La deuxième loi est très intéressante également, car elle prend à rebrousse-poil plusieurs réflexes créatifs que nous pouvons avoir lorsque nous imaginons des univers fictionnels. En particulier, lorsqu’un auteur invente des pouvoirs surnaturels, il se focalise généralement sur la question suivante : « Qu’est-ce que ce pouvoir permet ? ».

Or, Brandon Sanderson définit sa deuxième loi ainsi :

« Les contraintes sont plus importantes que les capacités. »

Ce qui signifie : lorsque l’on travaille à un système de magie, réfléchir à ce que la magie ne peut pas faire est souvent plus important que de définir ce qu’elle peut faire.

Il est difficile pour les auteurs de créer des pouvoirs vraiment novateurs, que personne n’avait imaginés jusqu’ici. De nombreux héros d’histoires différentes ont des capacités qui se ressemblent, d’un livre ou d’un film à un autre. Certains pouvoirs se retrouvent parfois à l’identique dans de très nombreux récits. Alors qu’est-ce qui rend ces personnages uniques en dépit de capacités similaires ? Ce sont plus souvent leurs faiblesses que leurs capacités.

Pas d’innovation sans contraintes

D’une façon très générale, l’article La technique bride-t-elle la créativité ? évoquait déjà cet aspect de la création : il n’y a pas d’innovation sans contraintes. Le conseil de Sanderson est donc de réfléchir à sa magie par l’autre bout du spectre, en se focalisant sur ses contraintes plutôt que sur ses capacités. Il en liste plusieurs catégories.

1) Les limites

Le personnage peut courir très très vite ? D’accord, mais jusqu’à quelle vitesse peut-il courir, exactement ? Quelle est la vitesse qu’il ne peut pas atteindre ? Quelle est sa limite ?

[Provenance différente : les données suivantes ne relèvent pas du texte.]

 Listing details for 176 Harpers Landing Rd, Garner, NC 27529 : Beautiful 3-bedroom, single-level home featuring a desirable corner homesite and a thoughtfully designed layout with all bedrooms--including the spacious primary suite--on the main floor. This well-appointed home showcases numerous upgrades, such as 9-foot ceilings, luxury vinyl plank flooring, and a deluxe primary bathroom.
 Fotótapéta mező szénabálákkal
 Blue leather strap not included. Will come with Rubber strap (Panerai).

Exemple : Dans la plupart des histoires où le héros est capable de se téléporter, il ne peut pas se rendre n’importe où. Souvent, il ne peut se transporter que dans des endroits qu’il connaît déjà. C’est une limite de ce pouvoir.

2) Les faiblesses

Est-ce que l’utilisation de ces pouvoirs présente des inconvénients ? Peut-être que le pouvoir a un effet néfaste sur le personnage, ou induit des effets secondaires ? Est-ce que cela le rend plus faible, dans certains cas ?

Exemple : Dans le manga One Piece, un pirate qui mange un fruit du démon obtient une capacité extraordinaire, un pouvoir spécial. Mais en contrepartie, dès qu’il tombe à la mer, il perd toutes ses forces et coule comme une pierre. C’est une faiblesse liée à ce pouvoir.

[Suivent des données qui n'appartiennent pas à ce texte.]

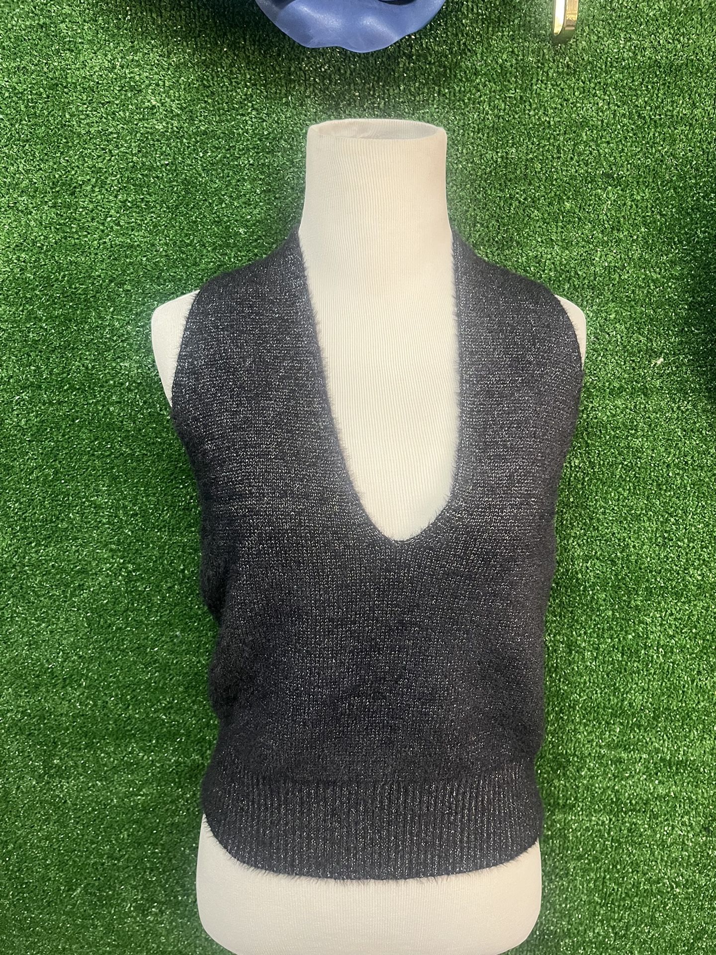 By Anthropologie Deep-V Fuzzy Black Sweater Vest Size Large NWT Brand New
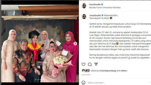 Dalam caption panjang, Claudia bercerita sudah berencana ambil program S-2 usai menyelesaikan pendidikan S-1 Fakultas Hukum Universitas Indonesia. Ia bahkan mengaku diterima universitas di Inggris Raya dan Australia, tapi tak diambil lantaran pandemi Covid-19.
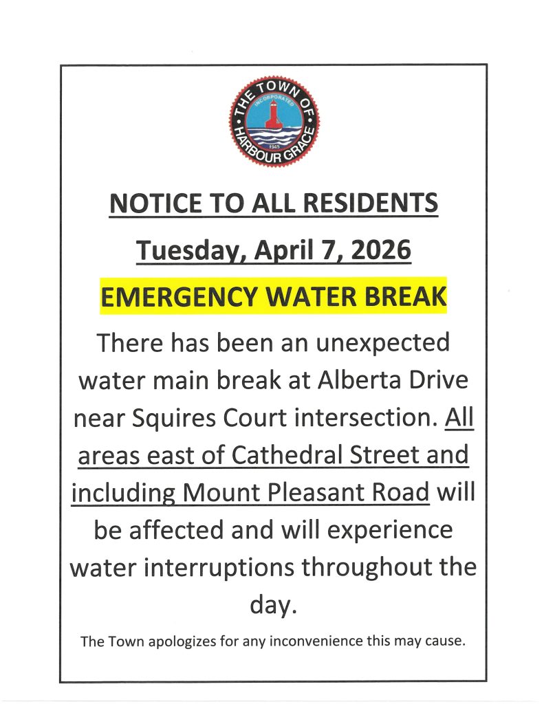 NOTICE TO ALL RESIDENTS Tuesday, April 7, 2026 EMERGENCY WATER LINE BREAK ON ALBERTA DRIVE/SQUIRES COURT 56 years Thursday, January 1, 1970 12:00am Home NOTICE TO ALL RESIDENTS Tuesday, April 7, 2026 EMERGENCY WATER LINE BREAK ON ALBERTA DRIVE/SQUIRES COURT

Exemple : Dans Le Seigneur des Anneaux, Frodon peut glisser l’Anneau unique à son doigt pour devenir invisible de tous… ou presque, car lorsqu’il le met, il devient visible par Sauron en personne.

3) Les coûts

Est-ce qu’il faut payer un prix pour pouvoir utiliser la magie ? Si oui lequel ? Le personnage a-t-il besoin d’ingrédients spécifiques (souvent rares ou chers) ? Puise-t-il dans son énergie personnelle ? Doit-il verser son sang, ou accomplir un rituel long ou compliqué ?

Exemple : dans la série Darker Than Black, les pactisants souffrent de troubles obsessionnels compulsifs qui se déclenchent à chaque fois qu’ils utilisent leur pouvoir. Chaque pactisant « paye » son pouvoir en accomplissant une action spécifique qui lui est propre. Certains doivent corner toutes les pages d’un livre, manger un œuf ou fumer une cigarette. D’autres doivent se briser un doigt ou boire du sang d’enfant. C’est un coût à payer pour l’usage de ce pouvoir.

4) Autres contraintes ?

Afin de trouver d’autres façons originales de contraindre la magie, Brandon Sanderson propose de s’interroger sur différents sujets. Par exemple, d’où vient la magie ? De quelle façon acquiert-on des pouvoirs dans cet univers ? Faut-il être issu d’une certaine lignée ? Ne peut-on se servir d’un pouvoir qu’à une certaine fréquence (par exemple une seule fois par jour) ou à une certaine heure ? Peut-on l’utiliser n’importe où ou seulement dans certains lieux dédiés ? Etc.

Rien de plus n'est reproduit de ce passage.